- Your objective
Write out all of the entries, matching the original exactly.

- Dataset content

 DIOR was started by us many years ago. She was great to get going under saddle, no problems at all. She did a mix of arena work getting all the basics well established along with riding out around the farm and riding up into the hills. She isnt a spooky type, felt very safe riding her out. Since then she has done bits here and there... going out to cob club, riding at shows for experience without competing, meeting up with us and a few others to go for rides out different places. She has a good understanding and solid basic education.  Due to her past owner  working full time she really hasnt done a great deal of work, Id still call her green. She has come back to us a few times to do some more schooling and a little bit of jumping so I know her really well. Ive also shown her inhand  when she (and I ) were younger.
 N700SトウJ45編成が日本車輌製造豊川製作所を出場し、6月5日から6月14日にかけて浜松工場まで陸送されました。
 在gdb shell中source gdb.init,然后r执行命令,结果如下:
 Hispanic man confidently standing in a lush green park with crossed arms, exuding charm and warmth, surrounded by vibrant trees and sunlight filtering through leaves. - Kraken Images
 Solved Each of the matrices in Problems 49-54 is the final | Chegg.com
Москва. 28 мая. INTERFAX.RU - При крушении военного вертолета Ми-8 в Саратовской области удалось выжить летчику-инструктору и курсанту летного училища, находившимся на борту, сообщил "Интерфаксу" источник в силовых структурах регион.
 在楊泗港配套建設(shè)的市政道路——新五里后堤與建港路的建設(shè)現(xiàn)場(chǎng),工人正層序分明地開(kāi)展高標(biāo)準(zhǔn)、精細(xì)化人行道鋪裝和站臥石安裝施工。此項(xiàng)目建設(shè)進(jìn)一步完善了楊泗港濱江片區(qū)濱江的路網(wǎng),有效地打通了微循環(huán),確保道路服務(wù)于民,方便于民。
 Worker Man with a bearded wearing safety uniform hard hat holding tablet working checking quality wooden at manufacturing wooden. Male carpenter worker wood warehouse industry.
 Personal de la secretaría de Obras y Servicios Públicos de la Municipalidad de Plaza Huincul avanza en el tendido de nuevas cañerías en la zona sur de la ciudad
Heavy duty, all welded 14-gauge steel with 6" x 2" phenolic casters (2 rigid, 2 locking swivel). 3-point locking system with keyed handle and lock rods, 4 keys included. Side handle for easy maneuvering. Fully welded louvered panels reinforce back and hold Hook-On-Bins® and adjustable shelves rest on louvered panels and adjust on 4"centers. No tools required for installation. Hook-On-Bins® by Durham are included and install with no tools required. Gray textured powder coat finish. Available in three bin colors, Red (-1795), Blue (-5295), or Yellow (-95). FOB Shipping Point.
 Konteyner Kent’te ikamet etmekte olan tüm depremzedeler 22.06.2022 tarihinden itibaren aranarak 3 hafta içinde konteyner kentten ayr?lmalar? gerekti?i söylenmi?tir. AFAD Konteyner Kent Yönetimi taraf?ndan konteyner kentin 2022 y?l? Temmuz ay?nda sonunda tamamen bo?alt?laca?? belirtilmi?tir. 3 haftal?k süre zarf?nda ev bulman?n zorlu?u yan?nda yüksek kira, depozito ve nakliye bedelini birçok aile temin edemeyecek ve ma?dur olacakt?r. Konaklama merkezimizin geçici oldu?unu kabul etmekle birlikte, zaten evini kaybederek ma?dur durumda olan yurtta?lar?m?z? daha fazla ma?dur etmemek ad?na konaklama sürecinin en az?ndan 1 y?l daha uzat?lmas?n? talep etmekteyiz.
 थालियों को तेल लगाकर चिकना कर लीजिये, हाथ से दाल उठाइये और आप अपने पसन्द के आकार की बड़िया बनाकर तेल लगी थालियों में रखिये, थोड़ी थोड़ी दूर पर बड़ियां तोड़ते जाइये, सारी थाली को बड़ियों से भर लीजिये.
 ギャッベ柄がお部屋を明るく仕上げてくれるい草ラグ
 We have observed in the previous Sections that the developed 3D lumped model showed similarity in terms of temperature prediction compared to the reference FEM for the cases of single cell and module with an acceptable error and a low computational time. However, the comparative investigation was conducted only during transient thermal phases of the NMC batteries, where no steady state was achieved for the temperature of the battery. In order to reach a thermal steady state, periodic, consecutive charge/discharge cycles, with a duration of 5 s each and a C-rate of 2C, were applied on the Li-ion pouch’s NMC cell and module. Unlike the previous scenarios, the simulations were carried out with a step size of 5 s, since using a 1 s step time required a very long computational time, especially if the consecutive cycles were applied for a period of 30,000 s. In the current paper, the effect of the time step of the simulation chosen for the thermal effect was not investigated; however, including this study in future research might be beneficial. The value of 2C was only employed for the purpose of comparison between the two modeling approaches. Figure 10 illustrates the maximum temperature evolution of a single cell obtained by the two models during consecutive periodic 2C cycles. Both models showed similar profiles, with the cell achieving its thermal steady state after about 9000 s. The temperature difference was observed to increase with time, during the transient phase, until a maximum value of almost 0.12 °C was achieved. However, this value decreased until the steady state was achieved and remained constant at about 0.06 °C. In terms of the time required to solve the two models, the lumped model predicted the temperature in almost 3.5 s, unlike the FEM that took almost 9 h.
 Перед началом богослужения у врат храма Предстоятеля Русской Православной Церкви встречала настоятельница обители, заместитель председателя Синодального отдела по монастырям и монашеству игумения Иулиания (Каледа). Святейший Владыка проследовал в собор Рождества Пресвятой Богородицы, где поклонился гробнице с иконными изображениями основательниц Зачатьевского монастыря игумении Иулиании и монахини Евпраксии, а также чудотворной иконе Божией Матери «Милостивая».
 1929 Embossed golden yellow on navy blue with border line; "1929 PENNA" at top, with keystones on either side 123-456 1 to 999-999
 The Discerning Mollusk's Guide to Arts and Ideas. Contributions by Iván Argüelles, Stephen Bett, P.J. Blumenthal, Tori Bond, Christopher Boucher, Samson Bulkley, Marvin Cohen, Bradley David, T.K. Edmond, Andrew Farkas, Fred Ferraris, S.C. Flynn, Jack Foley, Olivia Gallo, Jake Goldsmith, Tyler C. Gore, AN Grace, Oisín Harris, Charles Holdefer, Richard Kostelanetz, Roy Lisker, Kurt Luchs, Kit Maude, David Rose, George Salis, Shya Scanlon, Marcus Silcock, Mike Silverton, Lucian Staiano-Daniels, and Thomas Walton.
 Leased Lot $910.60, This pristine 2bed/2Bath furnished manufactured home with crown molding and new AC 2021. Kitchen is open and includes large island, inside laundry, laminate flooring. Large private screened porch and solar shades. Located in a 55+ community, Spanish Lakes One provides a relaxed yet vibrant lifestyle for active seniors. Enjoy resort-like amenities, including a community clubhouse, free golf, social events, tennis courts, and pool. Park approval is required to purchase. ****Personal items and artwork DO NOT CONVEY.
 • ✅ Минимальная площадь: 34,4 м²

- Solved exercise
 DIOR was started by us many years ago. She was great to get going under saddle, no problems at all. She did a mix of arena work getting all the basics well established along with riding out around the farm and riding up into the hills. She isnt a spooky type, felt very safe riding her out. Since then she has done bits here and there... going out to cob club, riding at shows for experience without competing, meeting up with us and a few others to go for rides out different places. She has a good understanding and solid basic education.  Due to her past owner  working full time she really hasnt done a great deal of work, Id still call her green. She has come back to us a few times to do some more schooling and a little bit of jumping so I know her really well. Ive also shown her inhand  when she (and I ) were younger.
 N700SトウJ45編成が日本車輌製造豊川製作所を出場し、6月5日から6月14日にかけて浜松工場まで陸送されました。
 在gdb shell中source gdb.init,然后r执行命令,结果如下:
 Hispanic man confidently standing in a lush green park with crossed arms, exuding charm and warmth, surrounded by vibrant trees and sunlight filtering through leaves. - Kraken Images
 Solved Each of the matrices in Problems 49-54 is the final | Chegg.com
Москва. 28 мая. INTERFAX.RU - При крушении военного вертолета Ми-8 в Саратовской области удалось выжить летчику-инструктору и курсанту летного училища, находившимся на борту, сообщил "Интерфаксу" источник в силовых структурах регион.
 在楊泗港配套建設(shè)的市政道路——新五里后堤與建港路的建設(shè)現(xiàn)場(chǎng),工人正層序分明地開(kāi)展高標(biāo)準(zhǔn)、精細(xì)化人行道鋪裝和站臥石安裝施工。此項(xiàng)目建設(shè)進(jìn)一步完善了楊泗港濱江片區(qū)濱江的路網(wǎng),有效地打通了微循環(huán),確保道路服務(wù)于民,方便于民。
 Worker Man with a bearded wearing safety uniform hard hat holding tablet working checking quality wooden at manufacturing wooden. Male carpenter worker wood warehouse industry.
 Personal de la secretaría de Obras y Servicios Públicos de la Municipalidad de Plaza Huincul avanza en el tendido de nuevas cañerías en la zona sur de la ciudad
Heavy duty, all welded 14-gauge steel with 6" x 2" phenolic casters (2 rigid, 2 locking swivel). 3-point locking system with keyed handle and lock rods, 4 keys included. Side handle for easy maneuvering. Fully welded louvered panels reinforce back and hold Hook-On-Bins® and adjustable shelves rest on louvered panels and adjust on 4"centers. No tools required for installation. Hook-On-Bins® by Durham are included and install with no tools required. Gray textured powder coat finish. Available in three bin colors, Red (-1795), Blue (-5295), or Yellow (-95). FOB Shipping Point.
 Konteyner Kent’te ikamet etmekte olan tüm depremzedeler 22.06.2022 tarihinden itibaren aranarak 3 hafta içinde konteyner kentten ayr?lmalar? gerekti?i söylenmi?tir. AFAD Konteyner Kent Yönetimi taraf?ndan konteyner kentin 2022 y?l? Temmuz ay?nda sonunda tamamen bo?alt?laca?? belirtilmi?tir. 3 haftal?k süre zarf?nda ev bulman?n zorlu?u yan?nda yüksek kira, depozito ve nakliye bedelini birçok aile temin edemeyecek ve ma?dur olacakt?r. Konaklama merkezimizin geçici oldu?unu kabul etmekle birlikte, zaten evini kaybederek ma?dur durumda olan yurtta?lar?m?z? daha fazla ma?dur etmemek ad?na konaklama sürecinin en az?ndan 1 y?l daha uzat?lmas?n? talep etmekteyiz.
 थालियों को तेल लगाकर चिकना कर लीजिये, हाथ से दाल उठाइये और आप अपने पसन्द के आकार की बड़िया बनाकर तेल लगी थालियों में रखिये, थोड़ी थोड़ी दूर पर बड़ियां तोड़ते जाइये, सारी थाली को बड़ियों से भर लीजिये.
 ギャッベ柄がお部屋を明るく仕上げてくれるい草ラグ
 We have observed in the previous Sections that the developed 3D lumped model showed similarity in terms of temperature prediction compared to the reference FEM for the cases of single cell and module with an acceptable error and a low computational time. However, the comparative investigation was conducted only during transient thermal phases of the NMC batteries, where no steady state was achieved for the temperature of the battery. In order to reach a thermal steady state, periodic, consecutive charge/discharge cycles, with a duration of 5 s each and a C-rate of 2C, were applied on the Li-ion pouch’s NMC cell and module. Unlike the previous scenarios, the simulations were carried out with a step size of 5 s, since using a 1 s step time required a very long computational time, especially if the consecutive cycles were applied for a period of 30,000 s. In the current paper, the effect of the time step of the simulation chosen for the thermal effect was not investigated; however, including this study in future research might be beneficial. The value of 2C was only employed for the purpose of comparison between the two modeling approaches. Figure 10 illustrates the maximum temperature evolution of a single cell obtained by the two models during consecutive periodic 2C cycles. Both models showed similar profiles, with the cell achieving its thermal steady state after about 9000 s. The temperature difference was observed to increase with time, during the transient phase, until a maximum value of almost 0.12 °C was achieved. However, this value decreased until the steady state was achieved and remained constant at about 0.06 °C. In terms of the time required to solve the two models, the lumped model predicted the temperature in almost 3.5 s, unlike the FEM that took almost 9 h.
 Перед началом богослужения у врат храма Предстоятеля Русской Православной Церкви встречала настоятельница обители, заместитель председателя Синодального отдела по монастырям и монашеству игумения Иулиания (Каледа). Святейший Владыка проследовал в собор Рождества Пресвятой Богородицы, где поклонился гробнице с иконными изображениями основательниц Зачатьевского монастыря игумении Иулиании и монахини Евпраксии, а также чудотворной иконе Божией Матери «Милостивая».
 1929 Embossed golden yellow on navy blue with border line; "1929 PENNA" at top, with keystones on either side 123-456 1 to 999-999
 The Discerning Mollusk's Guide to Arts and Ideas. Contributions by Iván Argüelles, Stephen Bett, P.J. Blumenthal, Tori Bond, Christopher Boucher, Samson Bulkley, Marvin Cohen, Bradley David, T.K. Edmond, Andrew Farkas, Fred Ferraris, S.C. Flynn, Jack Foley, Olivia Gallo, Jake Goldsmith, Tyler C. Gore, AN Grace, Oisín Harris, Charles Holdefer, Richard Kostelanetz, Roy Lisker, Kurt Luchs, Kit Maude, David Rose, George Salis, Shya Scanlon, Marcus Silcock, Mike Silverton, Lucian Staiano-Daniels, and Thomas Walton.
 Leased Lot $910.60, This pristine 2bed/2Bath furnished manufactured home with crown molding and new AC 2021. Kitchen is open and includes large island, inside laundry, laminate flooring. Large private screened porch and solar shades. Located in a 55+ community, Spanish Lakes One provides a relaxed yet vibrant lifestyle for active seniors. Enjoy resort-like amenities, including a community clubhouse, free golf, social events, tennis courts, and pool. Park approval is required to purchase. ****Personal items and artwork DO NOT CONVEY.
 • ✅ Минимальная площадь: 34,4 м²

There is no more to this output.